さらにアイコンに触れたまま、指を右にスライドさせると、ストックエリアと呼ばれる右カラムにアイコンが納められていく。この動作は、アイコンの長押しでも可能とのことだ。
この間も動画は再生中だが、ストックエリアのアイコンをタップすると止まり、各対象物の情報ページへとリンクする。そして再び画面に戻ると、再生は再開される。以上がTIG動画で行えるアクションとなっている。
ビジュアルでどの対象物に触れられるかが一目でわかり、動画に溶け込んでいるため違和感がない。
「再生と停止の流れをスムーズに行えるUIにしたことで、ストーリーの流れを止めることなく動画に触れるという動作を実現しました。触れる人が気持ちよく体験、操作できるユーザーエクスペリエンス(UX)を重視し、開発しています」(小林氏)

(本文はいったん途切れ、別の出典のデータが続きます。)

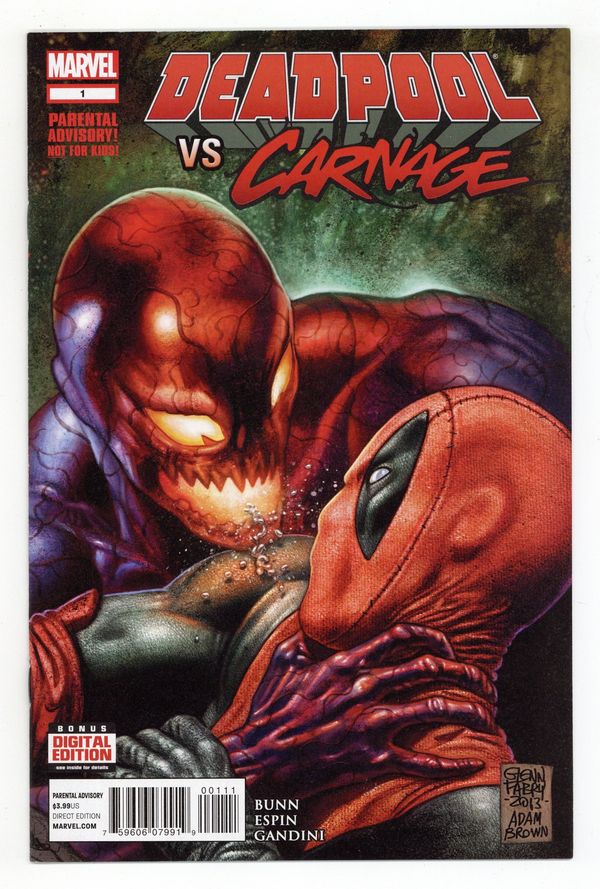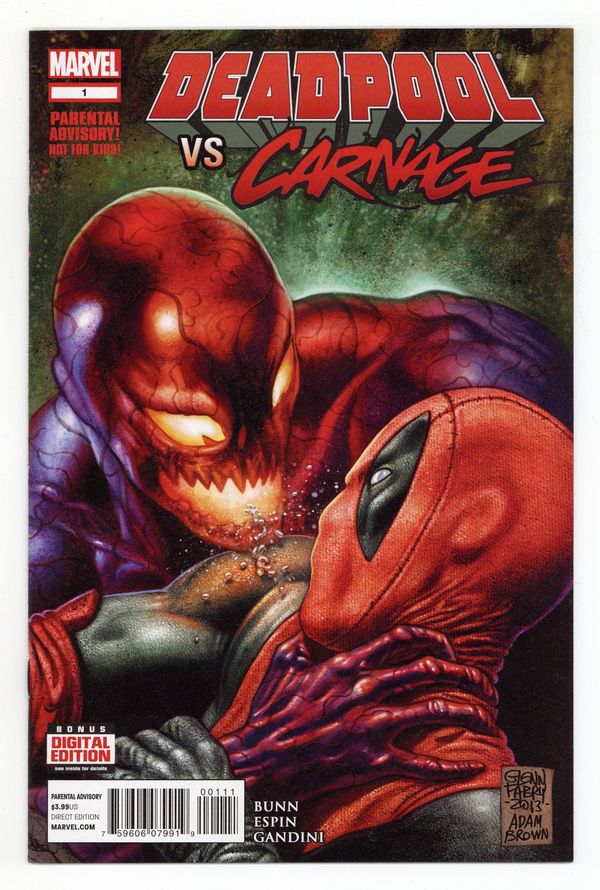 Cover by Glenn Fabry. Written by Cullen Bunn. Art by Salva Espin. Two red-suited madmen for the price of one! That's right-good crazy vs. bad crazy, once and for all! And you can bet it's gonna be a bloody one! Cover price $3.99.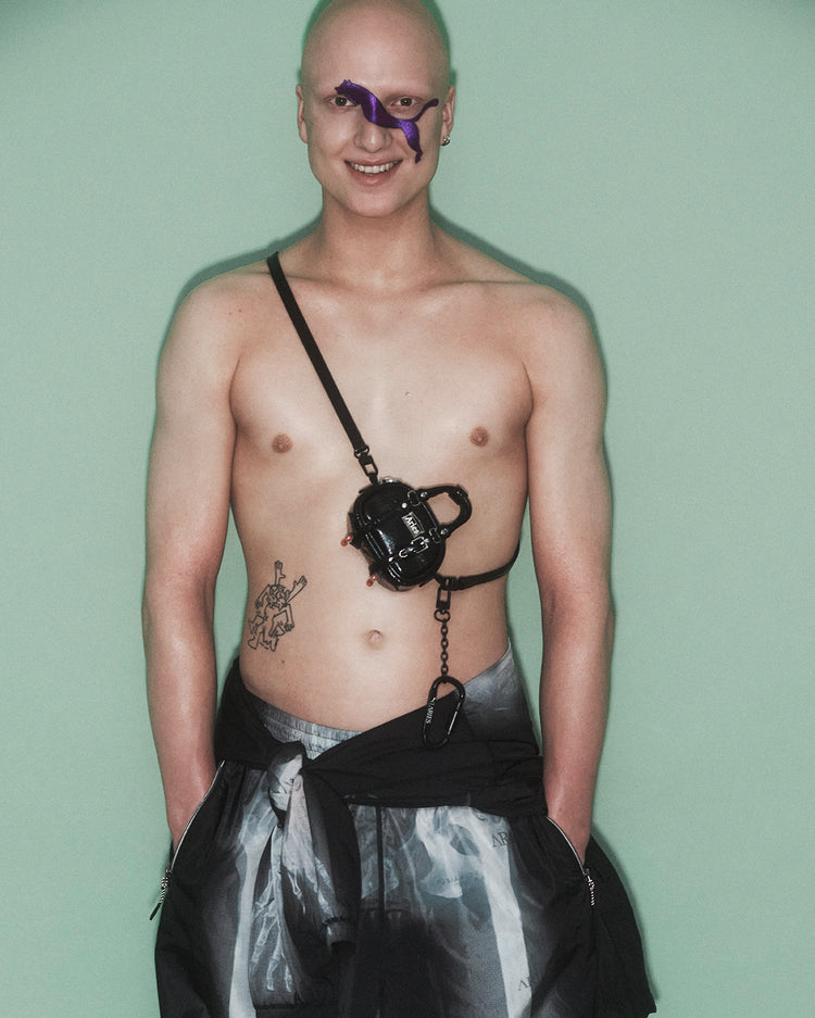 The collaboration capsule includes a moto-mesh long sleeve tee featuring a selection of Aries custom graphics, as well as the knitted cardigan printed with an original digital print.
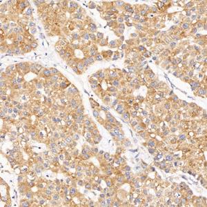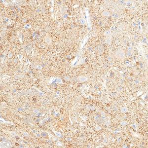 | IHC检测Alpha-synuclein蛋白(货号 GB112945). 样品: 人少突胶质细胞瘤, 4%多聚甲醛 (货号G1101) 固定12-24小时. 抗原修复: 柠檬酸抗原修复液(干粉, pH 6.0) (G1201), 98℃, 20分钟. —抗: 1: 2000稀释, 4℃ 孵育过夜. 二抗: HRP标记山羊抗兔IgG (H+L) (货号GB23303), 1: 200稀释, 室温孵育1小时. |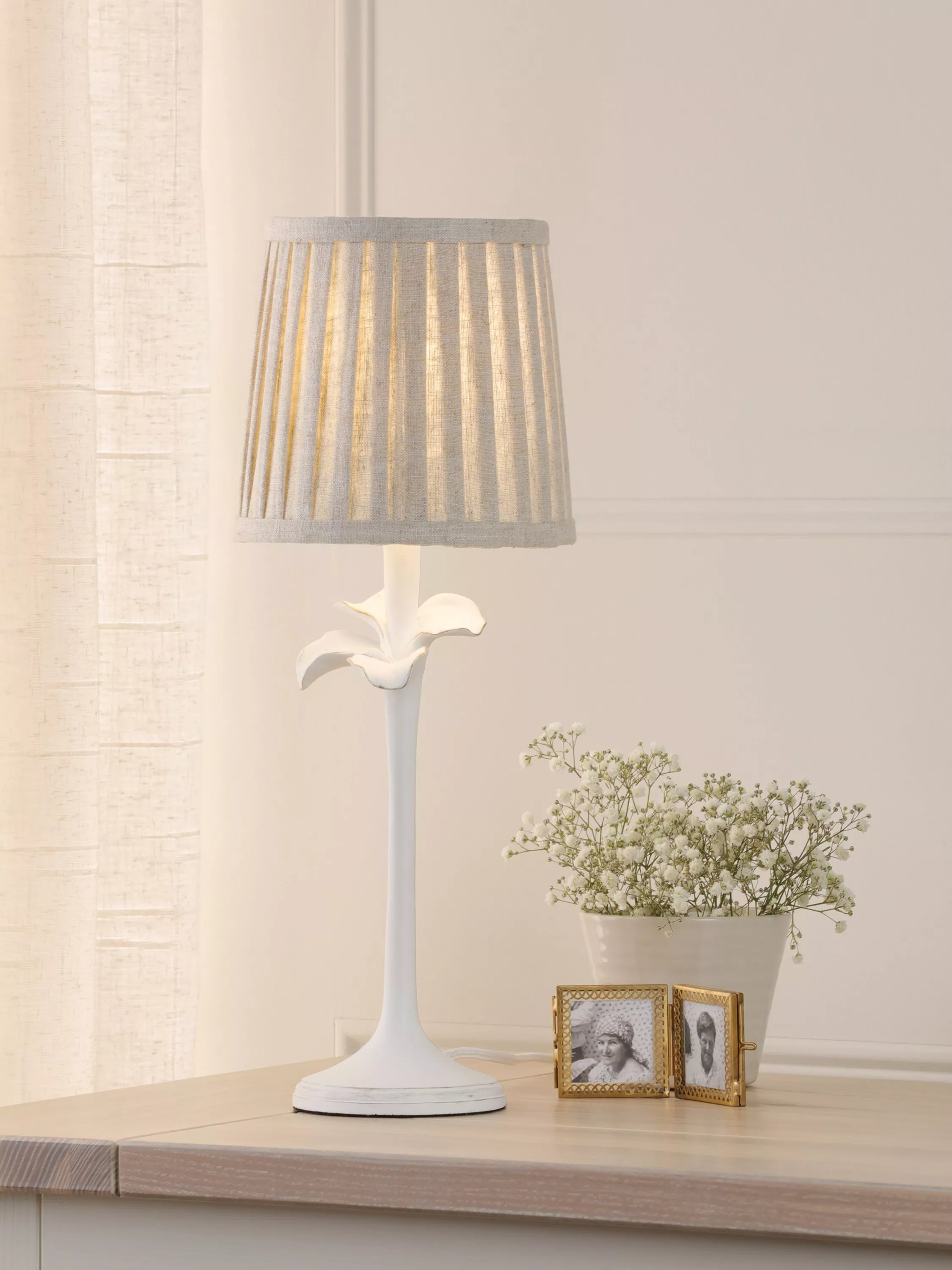 Undeniably elegant, the Eleni Table Lamp features an intricate floral-style stem and is beautifully complemented by a pleated linen fabric shade. Brings a touch of sophistication and warmth to any room.

また、あらかじめ触れる対象物にタグを表示しておくことも可能だ。そのサンプルとして紹介されたインテリア業界を想定したデモ動画では、対象物が動画内のどこへ移動しても、タグが追従していく様子が紹介された。
注目すべき、その技術力
続けて、小林氏はTIGの技術面について説明した。
「現在は動画内の物体に対してのタグ付け作業は作業者が編集ツールを使って作業を行っています。また今後、動画内の動き続ける対象物を指定するだけでメタ情報を付与し、対象物がどんなに移動してもシステムが自動的に追従し、正しいメタ情報を表示させるように開発を進めています」(小林氏)
技術紹介を兼ねたデモ動画では、TIG化された遠くに走る車が手前へ近づき、見た目が大きくなったとしても追従が外れないことを示した。さらに、大きく曲がる・Uターンして停車するという動きの変化も追いかけていく。
またTIGは対象物の奥行きも把握し、別々の物として扱える。たとえば白いシャツの上にジャケットを羽織っている人物がいた場合、シャツとジャケットに情報を付与することができる。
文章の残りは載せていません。